Его слова встретил взрыв смеха. Атмосфера здесь царила самая непринуждённая, лёгкая и беззаботная, свойственная скорее студенческой пирушке, чем собранию чопорных биржевых служащих, оттого Лэйд ощущал себя дезориентированным, точно охотник-полли в набедренной повязке, который отправился на охоту в джунгли, но отчего-то обнаружил себя в летнем саду Бленхеймского дворца.

Здесь не было обрюзгших, иссохших за своими абаками стариков, сплошь молодые лица со сверкающими глазами, среди которых к удивлению Лэйда частенько мелькали и дамские, некоторые прямо-таки хорошенькие. Здесь не было строгих как учителя грамматики джентльменов в тесных, как у канцелярских крыс, формулярных костюмах, зато были безусые юнцы, хохочущие и показывающие друг другу ободряющие жесты.

— Атчиссон и Гейб дали верных пять пунктов сегодня!

— Закрыли сделку по старому Хьюбу до полудня. Юристы ещё не закончили, но это верных двадцать монет!

— Базовые фьючерсы по железной руде ползут вниз! Добрый знак!

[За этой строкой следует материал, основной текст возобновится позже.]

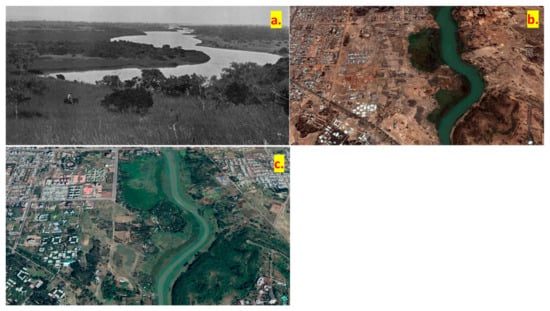 “The Blue Nile channel leading from the outlets of Lake Tana” (looking to the South), as seen in 1920 (Grabham and Black, 1925) (a), Google Earth map of the area taken in 2005 (b), and Google Earth map of the area taken in 2020 (c). A significant amount of the previous watercourse in (c) is exposed, portraying the water flowing out of Lake Tana is reduced due to water transfer to the Beles basin since 2010.
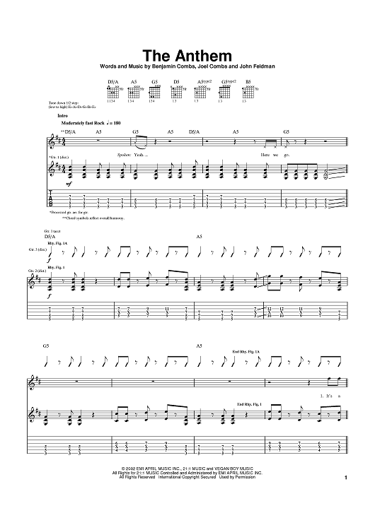 Digital Sheet Music for The Anthem by Benji Madden, Joel Madden, Good Charlotte, John Feldman scored for Guitar Tab; id:371009
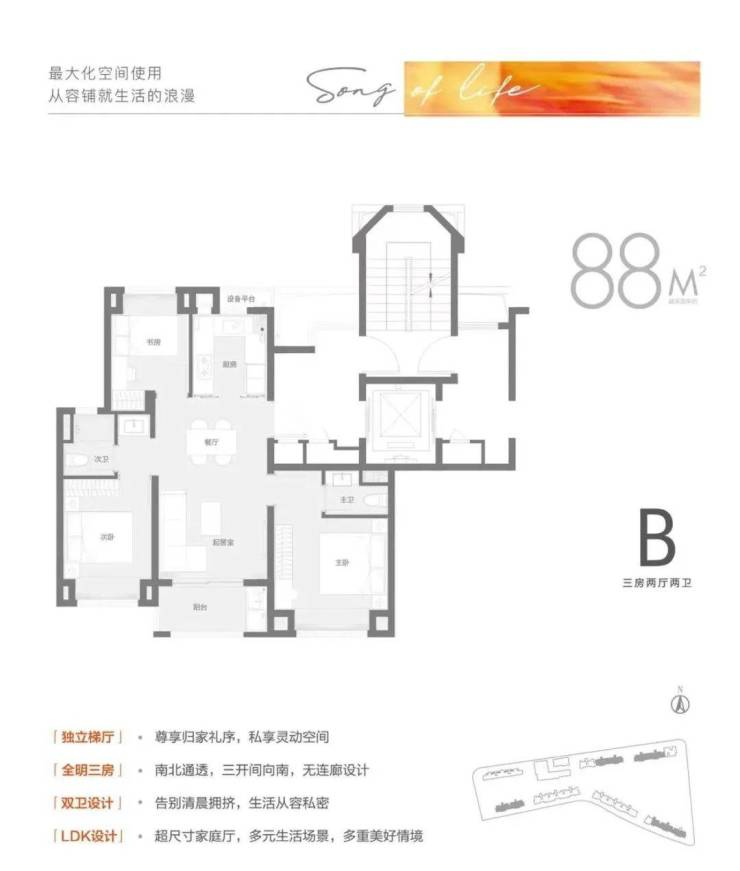 3房2卫可太难得了!一方面,用建面88㎡面积做出市场百平米的功能性,相当于少花了12㎡的钱。
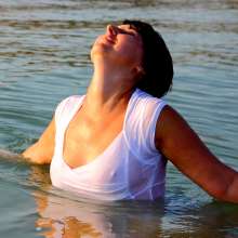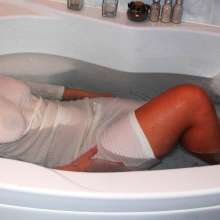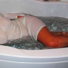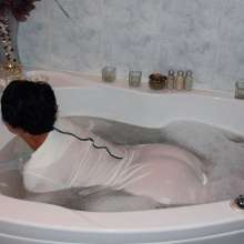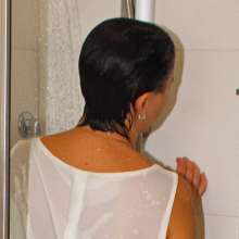 I have always love the look of partially wet and dry clothing, very sexy for sure, makes me want to splash you more to get them wet faster :)
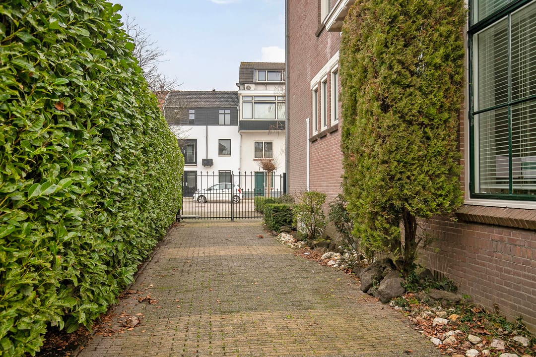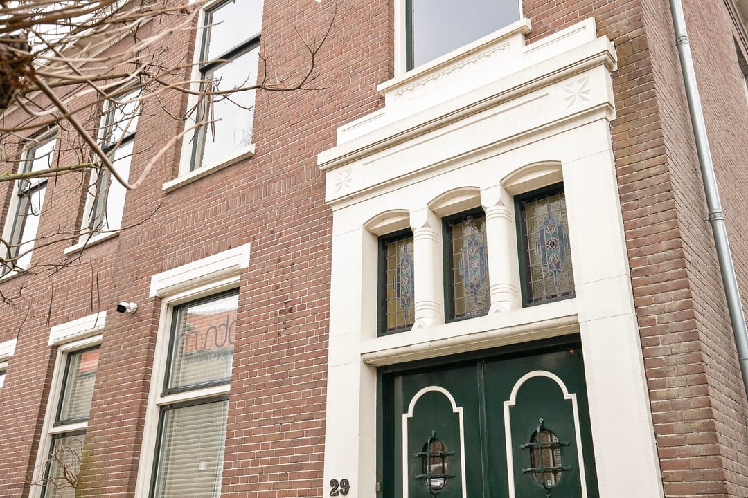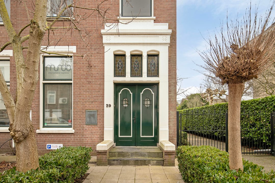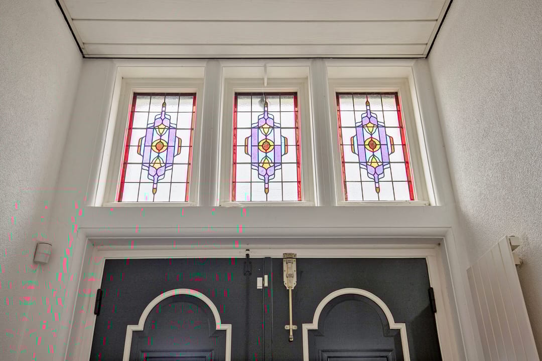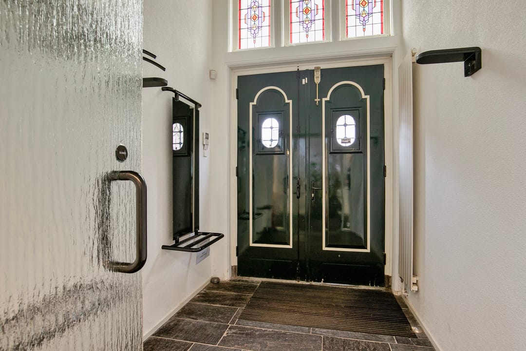 Statige entree met bordes en dubbele toegangsdeur aan de rechterzijde van de klassieke voorgevel. Ontvangsthal met fraaie glas-in-lood ramen en via glazen deuren toegang tot een centrale hal met receptiemogelijkheid en toegang tot twee aparte spreek-/werkkamers. Ook is de centraal gelegen kantoortuin vanuit deze ruimte bereikbaar.
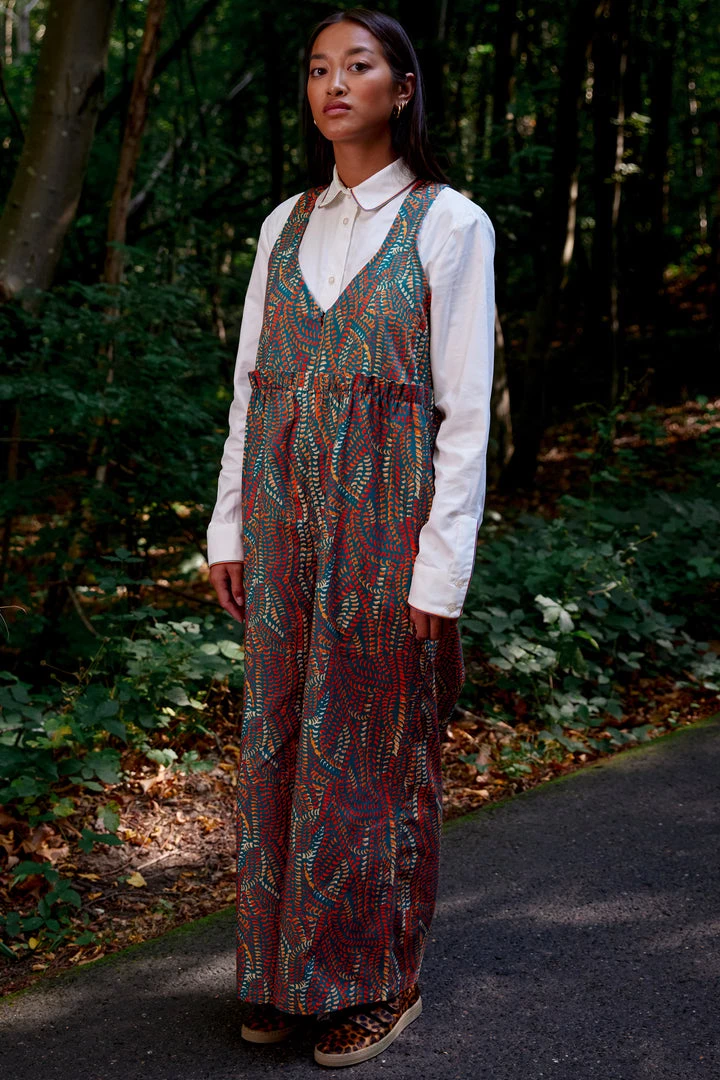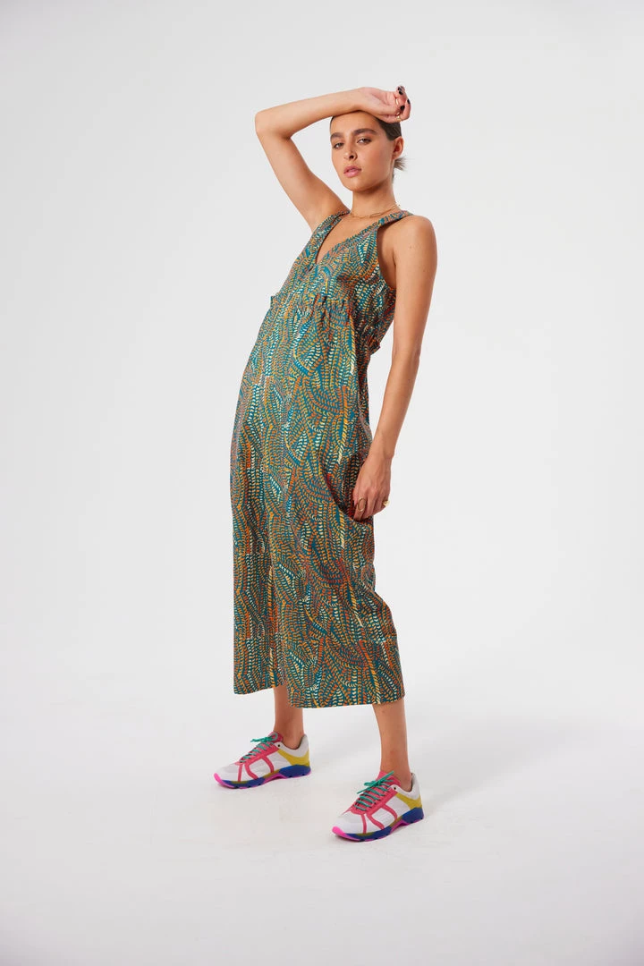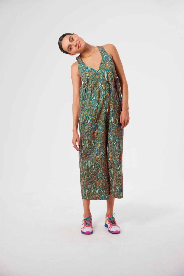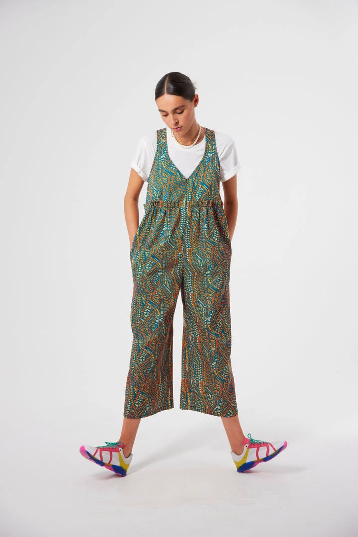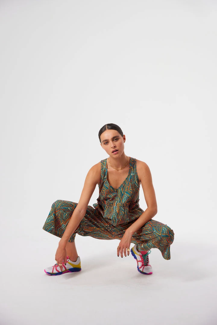 Crafted in a soft and structured cotton fabric, the Lottie jumpsuit is known for its empire fit and loose legs. It features a transparent zip closure in the front, a flattering V neck and a ruffled waistline. The matte touch of the fabric softens the strong and colourful Zicatela print that invades the whole piece.
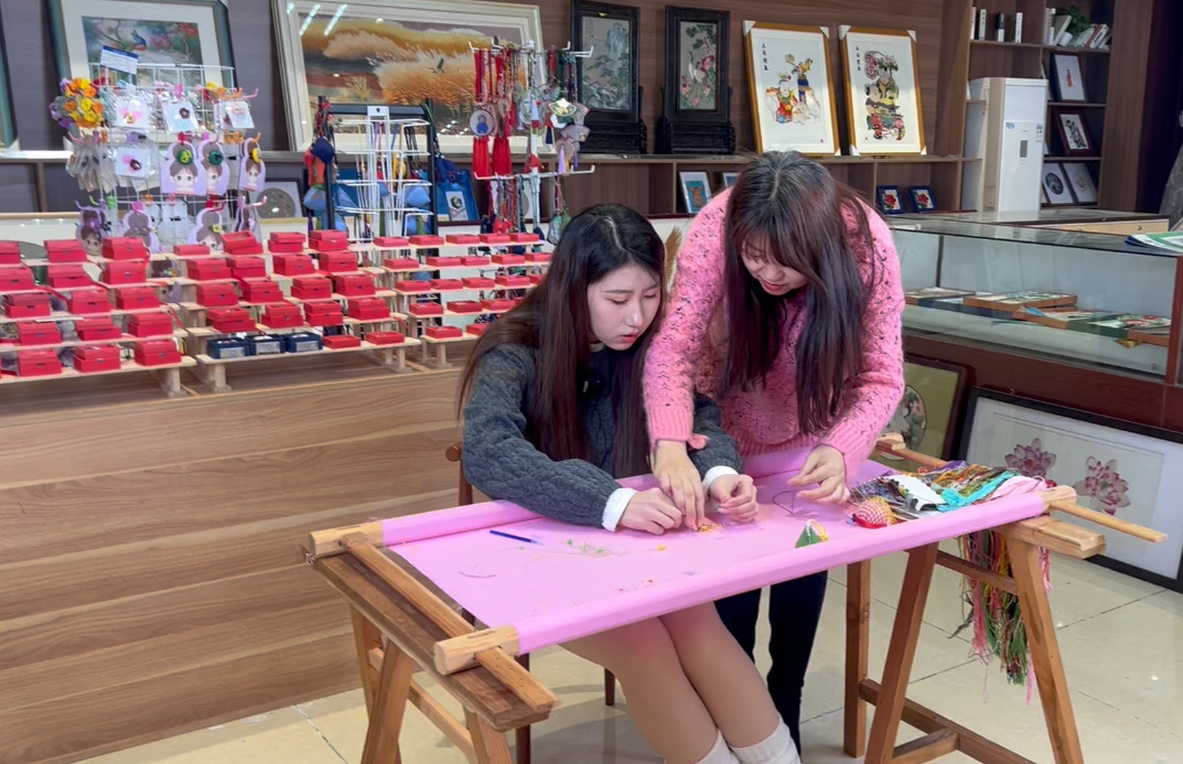 在达斡尔族刺绣第四代传承人谢丹妹的非遗工作室内,谢丹妹正在耐心地教慕名而来的大学生达斡尔族的刺绣基本功。工作室内摆放着上千件精美的刺绣作品。谢丹妹是省级非遗项目达斡尔族刺绣的市级传承人。谢丹妹说,工作室从达斡尔族刺绣技艺的挖掘、继承、研发等角度出发,遵循“以产品传播文化,以文化带动经济”,通过网络+实体以及参加各种展会,一边传承文化,一边为广大农村妇女增加就业机会,现在有30多名绣娘可以绣制来自全国各地定制的产品,不仅宣传地方非遗文化,还助力乡村经济发展。“我去年学习达斡尔族的刺绣,今年就能刺绣一些定制产品了,有了这门手艺,家里增加了一份收入。”哈拉达斡尔族村村民李丹说。
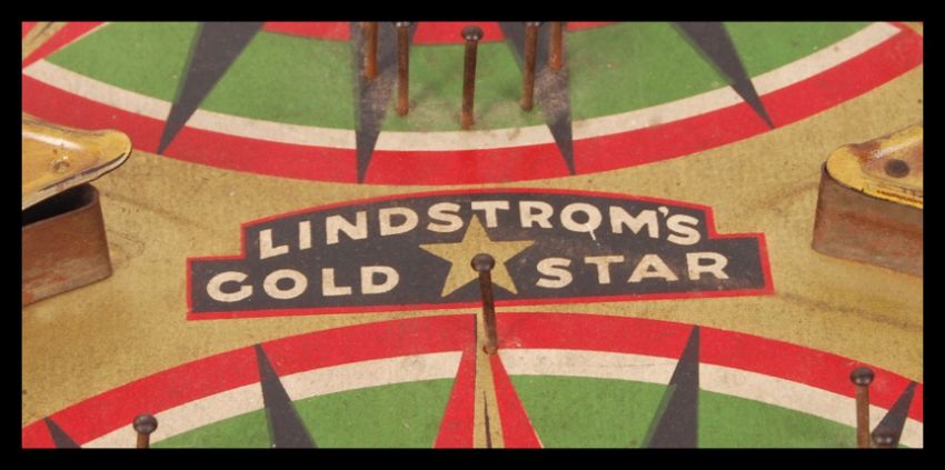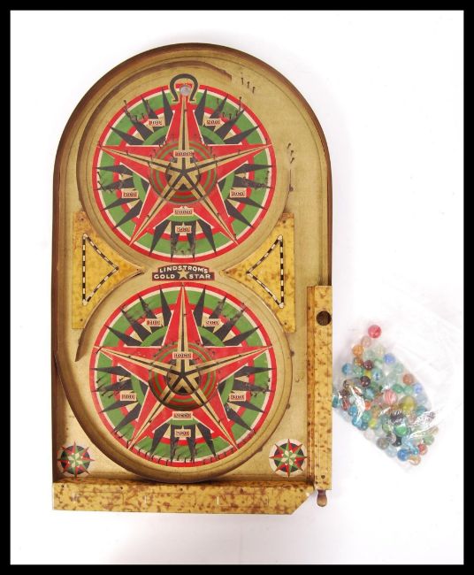 A 1930's vintage Lindstrom's Gold Star bagatelle board having a scrumbled finish and star motifs to the board to include a small collection of 20th century marbles.
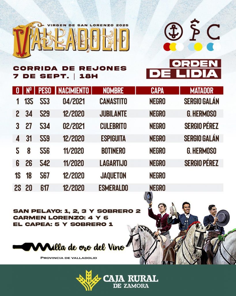Harán el paseíllo Sergio Galán, que sustituye a Andy Cartagena, Guillermo Hermoso de Mendoza y Sergio Pérez de Gregorio
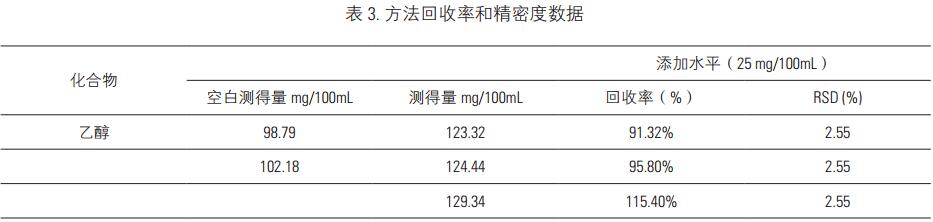 按照2.3項(xiàng)下方法制備3份加標(biāo)樣品,密封后混勻進(jìn)樣,所得樣品圖見圖3,結(jié)果見表2,回收率范圍為91.32~115.40%,相對標(biāo)準(zhǔn)偏差(RSD,n=3)為2.55%;厥章屎途芏葦(shù)據(jù)結(jié)果見表3。
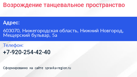 Возрождение, танцевальное пространство по адресу 603070, Нижегородская область, Нижний Новгород, Мещерский бульвар, 5а в дальнейшем Организация, размещена в следующих категориях:
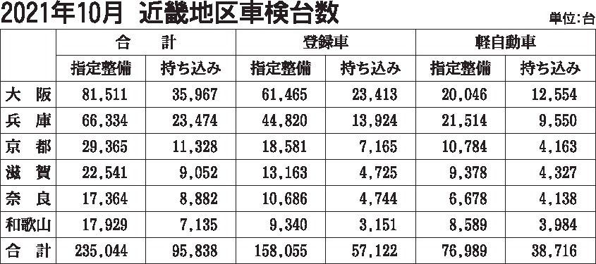 近畿2府4県の2021年10月の継続検査(車検)台数(軽自動車を含む)は、前年同月比8・6%減の33万882台となり、2カ月ぶりに減少した。登録車は同10・0%減の21万5177台、軽も同5・8%減の11万5705台だった。 対象台数が少...
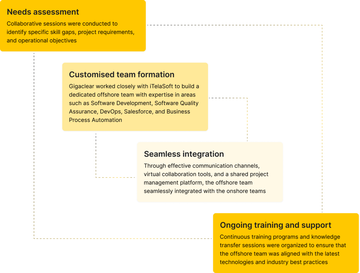 Gigaclear worked closely with iTelaSoft to build a dedicated offshore team with expertise in areas such as Software Development, Software Quality Assurance, DevOps, Salesforce, and Business Process Automation
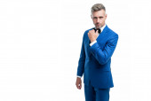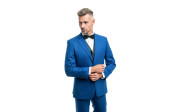 dojrzały mężczyzna w muszce niebieski garnitur. Biznesmen odizolowany na białym. Wielki szef w formalnym stroju. przestrzeń kopiowania
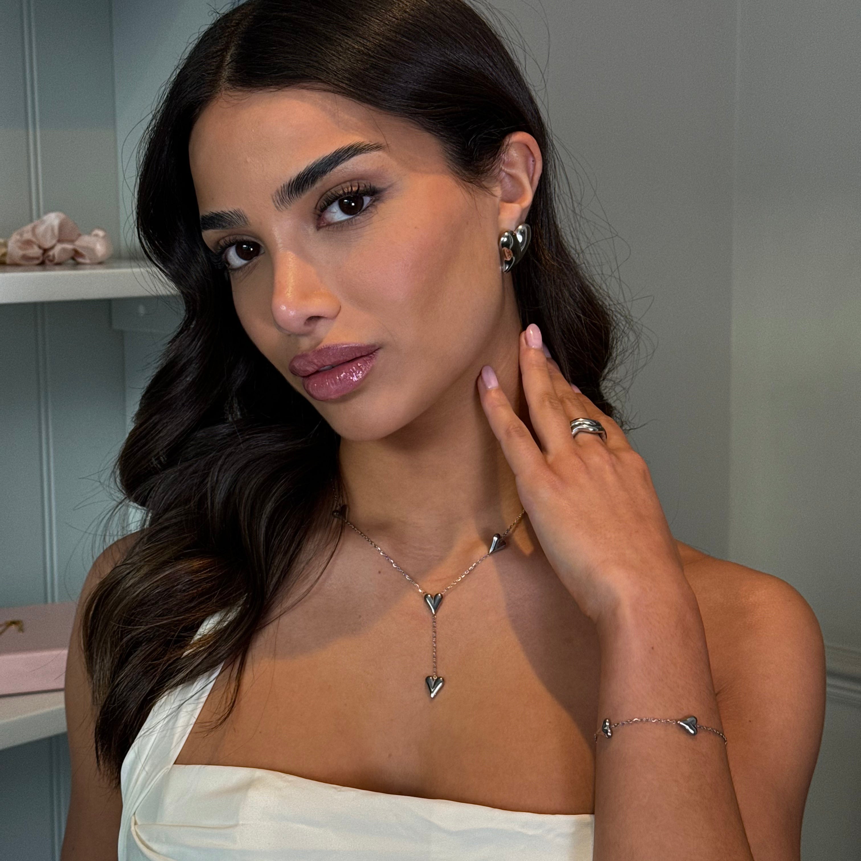 Pointy Heart Drop Necklace - Silver
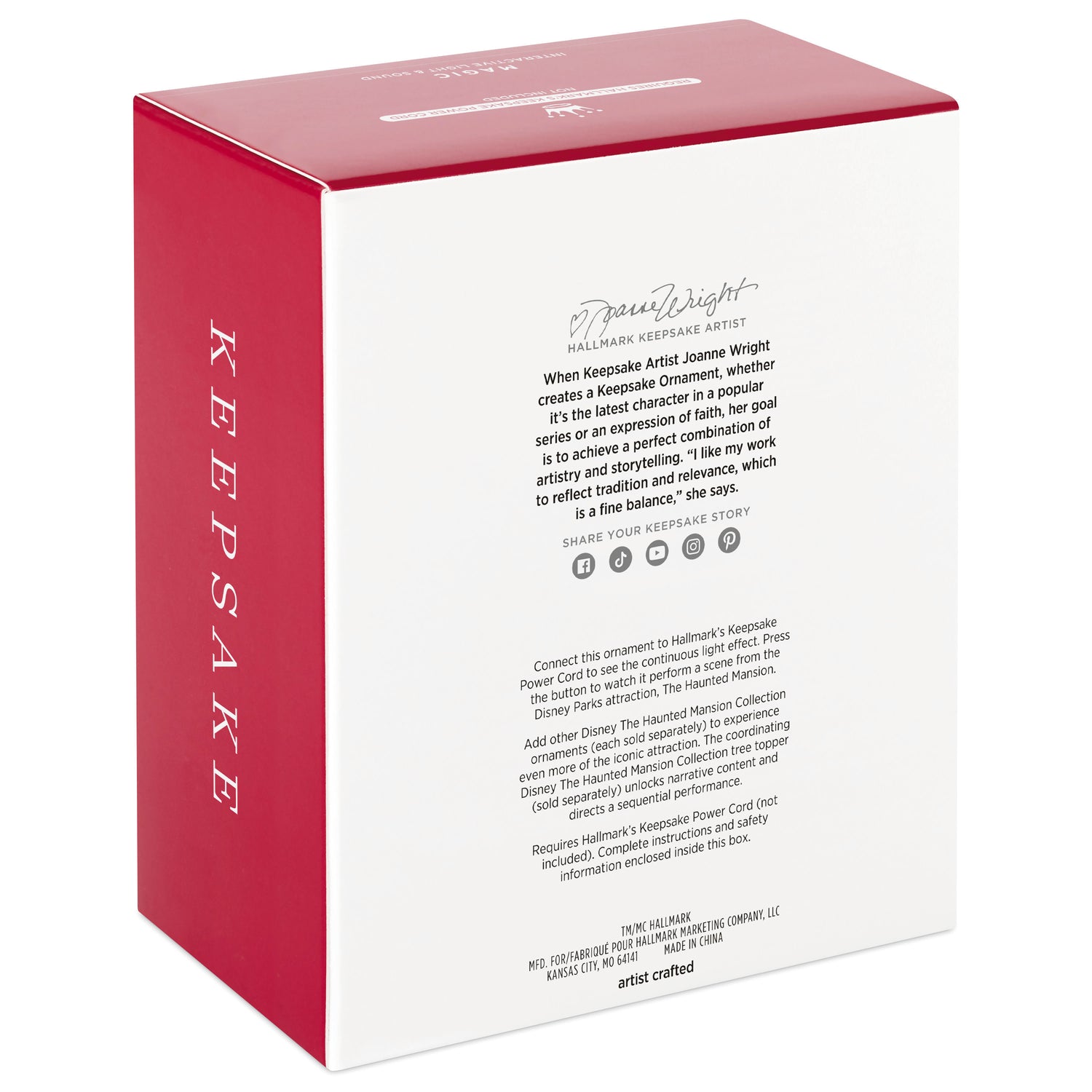 Connect the Interactive Light and Sound ornament to Hallmark's Keepsake Power Cord (sold separately) to see a continuous light effect. Press the button to watch it perform a scene. Add other Disney The Haunted Mansion Collection ornaments (each sold separately) to experience even more of the iconic attraction. The coordinating Disney The Haunted Mansion Collection tree topper (sold separately) unlocks narrative content and directs a sequential performance. Ornament plays music, dialogue and sound effects from the Disney Parks attraction The Haunted Mansion.

— Мы сделали это, Энджи! Мы загнали чёртовых быков[5] в стойла! Калите клейма, сейчас запахнет палёным!..

— Коппертаун на связи! Мы делаем им четыре контракта на этой неделе. Четыре! Не три!

Крамби поднял руки в жесте нарочитой покорности, и людской гвалт вокруг него немного поутих.

— Хватит. Довольно. Если хоть один человек сегодня скажет мне слово о работе, видит Бог, я оштрафую его на соверен. Никакой работы! Работать будете завтра, мои трудолюбивые пчёлки, сегодня у нас праздничный ужин, помните? Ну-ка прочь! И откупоривайте шампанское! Я заплатил за восемь ящиков и я хочу убедиться, что продавец меня не надул!

— Прозит! До дна! Залпом!

Лэйду пришлось ещё дважды опрокинуть фужер, прежде чем толпа, окружавшая их с Крамби, немного разуплотнилась, сделав возможным хоть какие-нибудь манёвры.

— Смущены? — Крамби улыбнулся ему, — У нас здесь приняты самые простые нравы. Никакого чинопочитания, никакой формалистики. Я не покривлю душой, если скажу, что «Олдридж и Крамби» — это одна большая семья. Да, иной раз шумная, здесь есть свои ужасные отпрыски, этакие инфан террибль[32], свои нелюбимые кузены и ветреные племянницы, но люблю я их всех одинаково. Погодите, я представлю вас всем.

Лэйду не хотелось кому-то представляться. Ему хотелось поскорее удалиться от людской суеты, но то, что годилось для бакалейного лавочника Лэйда Лайвстоуна едва ли подходило для дядюшки Эодора из Патагонии, почтенного торговца шерстью.

— Но удобно ли…

— Ерунда. В первую очередь, конечно, надо познакомить вас с нашим оперативным советом. Это старшие офицеры нашего экипажа, ведающие всем насущным. Как и во флоте, у нас тут есть свои канониры, свои квартермейстеры, штурманы и начальники абордажных партий! Куда же они все запропастились? Ну и гвалт же здесь стоит!

Лэйд мысленно застонал.

* * *

В клокочущей волне прибоя, окружившей Лэйда и Крамби и состоящей из серого сукна, почти невозможно было выделить отдельных фигур, но некоторые всё-таки выделялись на фоне прочих. Одну из таких Лэйд невольно заприметил ещё от входа — массивная, тяжёлая, поднимающаяся над головами прочих по меньшей мере на фут, она походила на выступающий из прибоя утёс, вертикально вбитый осколок земной тверди.

В этом человеке, прикинул Лэйд, должно было быть по меньшей мере триста фунтов[33] плоти и плоть эта явно не была дряблым жиром, судя по тому, как потрескивала, несмотря на все ухищрения портного, ткань на его бицепсах и плечах. Настоящий чемпион-тяжеловес, которого впору впрягать в телегу вместо першерона. Может, Крамби помимо биржевой компании является совладельцем небольшого цирка, а этот тип, сняв костюм, жонглирует здесь гирями?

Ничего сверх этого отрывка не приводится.